The Supreme Court has ruled that states may keep criminal defendants from pleading insanity without violating their constitutional rights.
The 6-3 decision originated from a case in Kansas, where a man who killed his family wanted to plead not guilty by reason of insanity, in violation of state law. Kansas is one of four states that has eliminated that option for criminal defendants.
The Hill reports:
In an unusual alignment for the bench, Justice Elena Kagan, considered among the more liberal justices, wrote the majority opinion and was joined by her five conservative colleagues. Three liberal justices — Stephen Breyer, Sonia Sotomayor and Ruth Bader Ginsburg — dissented.
“Defining the precise relationship between criminal culpability and mental illness involves examining the workings of the brain, the purposes of the criminal law, the ideas of free will and responsibility,” Kagan wrote. “It is a project demanding hard choices among values, in a context replete with uncertainty, even at a single moment in time. And it is a project, if any is, that should be open to revision over time, as new medical knowledge emerges and as legal and moral norms evolve.”
“Which is all to say that it is a project for state governance, not constitutional law,” Kagan continued.

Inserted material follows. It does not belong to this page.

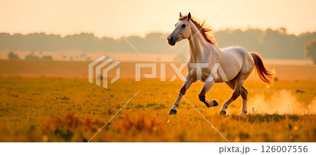Majestic pale horse galloping across sunlit field at dawn. Copy space, for text. Banner

The Kansas law prevents defendants from arguing that their diminished mental state impaired their ability to understand right from wrong and that they should not be held criminally responsible for their offenses. Under the law, defendants can still argue that they lacked the necessary intent to commit the crime, and can use insanity to ask for reduced sentences.
Idaho, Montana, and Utah have the same rule as Kansas. Alaska also places limits on the insanity defense.